**Exercise description**
Beginning with the line that contains "To perform detailed" and ending with the last line of the records, write out each line exactly and omit the pictures.

**Exercise materials**
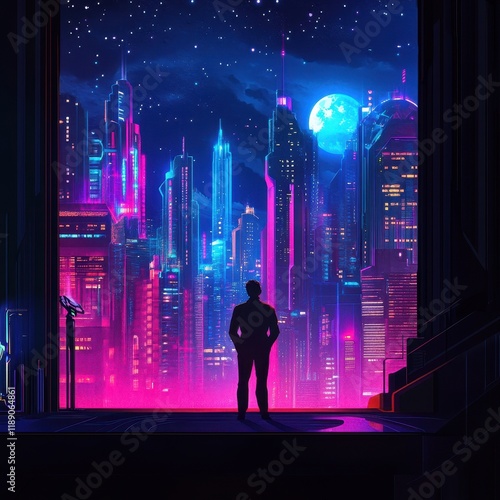 man, silhouette, city, futuristic, skyscraper, neon, night, city landscape, building, light, pink, purple, blue, window, view, urban, scene, technology, architecture, modern, science, fiction, fantasy, design, art, illustration, digital, painting, graphic, style, aesthetic, vibrant, colours, cosmic, moon, star, space, atmosphere, dark, shadow, contrast, glow, energy, future, dreamlike, surreal, perspective, lonely
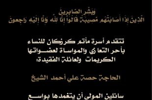 أكمل القراءة ». تقبل التعازي للنساء في مأتم كرزكان للنساء . رحم الله من قرأ سورة الفاتحة …
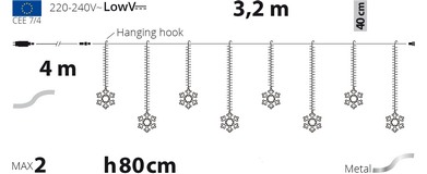 Da un cavo argento lungo 3,2 metri pendono 8 cristalli di neve a diverse altezze (alternativamente 70 e 80 centimetri).
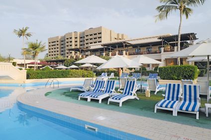 Das Hotel liegt direkt am weitläufigen Sandstrand mit Blick auf das beeindruckende Hajar-Gebirge und befindet sich im Diplomatenviertel von Muscat, Al Qurum. In unmittelbarer Nähe gibt es Einkaufsmöglichkeiten und Restaurants sowie das Opernhaus in rund 500 m Entfernung. Der bekannte Muttrah Souk ist etwa 12 km entfernt. Ein besonderer Geheimtipp für Besucher ist der Besuch des Royal Opera House Gardens. Der Flughafen ist ca. 25 km entfernt.
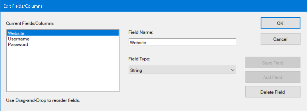 To perform detailed editing of the names and ordering of columns, right-click on the dataset pane and choose "Field Types...". This will reveal the "Edit Field Types" dialog window.
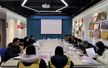 发布时间: 2025-12-15 09:22:28 已阅读:为全面掌握联合培养基地的实习培养质量与条件保障情况,促进西南大学社会工作硕士专业学位研究生实践教学需要与合作单位实际需求间的紧密结合,2025年12月10日下午,西南大学研究生教育指导专家委员会委员李庆、陈建华、赵秀兰,西南大学研究生教育质量督导工作组专家王华、苏胜齐、陈小娟,西南大学研究生院质量监督与信息科张琳雅,国家治理学院副院长(主持工作)郭美云,社会工作硕士专业学位研究生教育管理中心副主任马震越一行赴重庆市九龙坡区九龙社会工作服务中心进行专业学位研究生联合培养基地督导调研交流。重庆市九龙坡区九龙街道党工委宣传、统战委员陈双珊,街道相关科室领导,九龙社会工作服务中心党支部书记、主任陈会兰和国家治理学院社会工作专业学位研究生实习生参与本次活动。
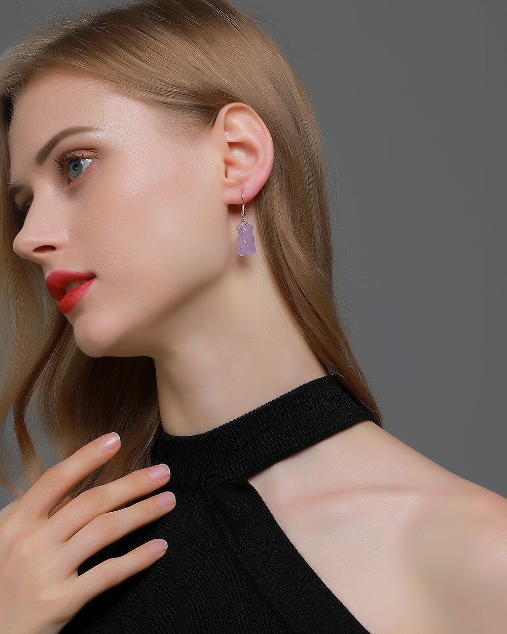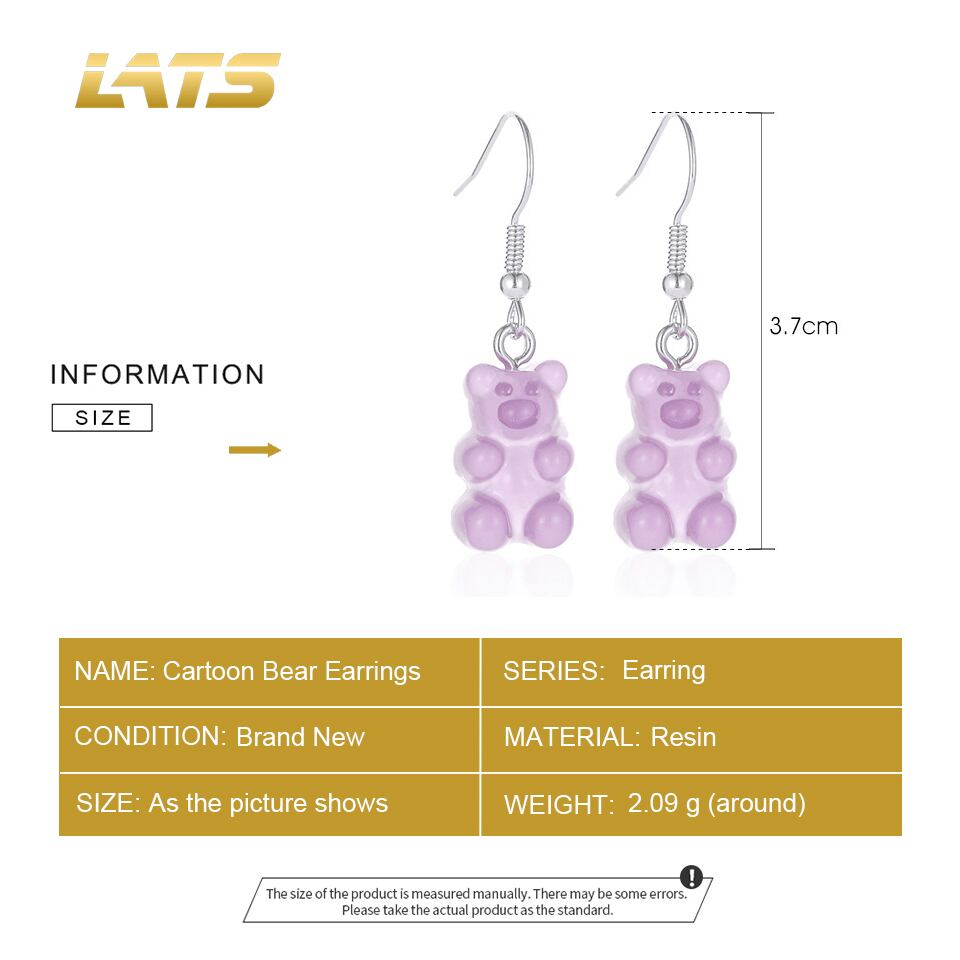 送料無料 LATSレトロカラー漫画クマイヤリングWoemnレジンキャンディーカラーダングルイヤリング2020イヤリングジュエリーガールギフト 指輪 アクセサリー AE332221168194840127

**Written reply**
 To perform detailed editing of the names and ordering of columns, right-click on the dataset pane and choose "Field Types...". This will reveal the "Edit Field Types" dialog window.
 发布时间: 2025-12-15 09:22:28 已阅读:为全面掌握联合培养基地的实习培养质量与条件保障情况,促进西南大学社会工作硕士专业学位研究生实践教学需要与合作单位实际需求间的紧密结合,2025年12月10日下午,西南大学研究生教育指导专家委员会委员李庆、陈建华、赵秀兰,西南大学研究生教育质量督导工作组专家王华、苏胜齐、陈小娟,西南大学研究生院质量监督与信息科张琳雅,国家治理学院副院长(主持工作)郭美云,社会工作硕士专业学位研究生教育管理中心副主任马震越一行赴重庆市九龙坡区九龙社会工作服务中心进行专业学位研究生联合培养基地督导调研交流。重庆市九龙坡区九龙街道党工委宣传、统战委员陈双珊,街道相关科室领导,九龙社会工作服务中心党支部书记、主任陈会兰和国家治理学院社会工作专业学位研究生实习生参与本次活动。
 送料無料 LATSレトロカラー漫画クマイヤリングWoemnレジンキャンディーカラーダングルイヤリング2020イヤリングジュエリーガールギフト 指輪 アクセサリー AE332221168194840127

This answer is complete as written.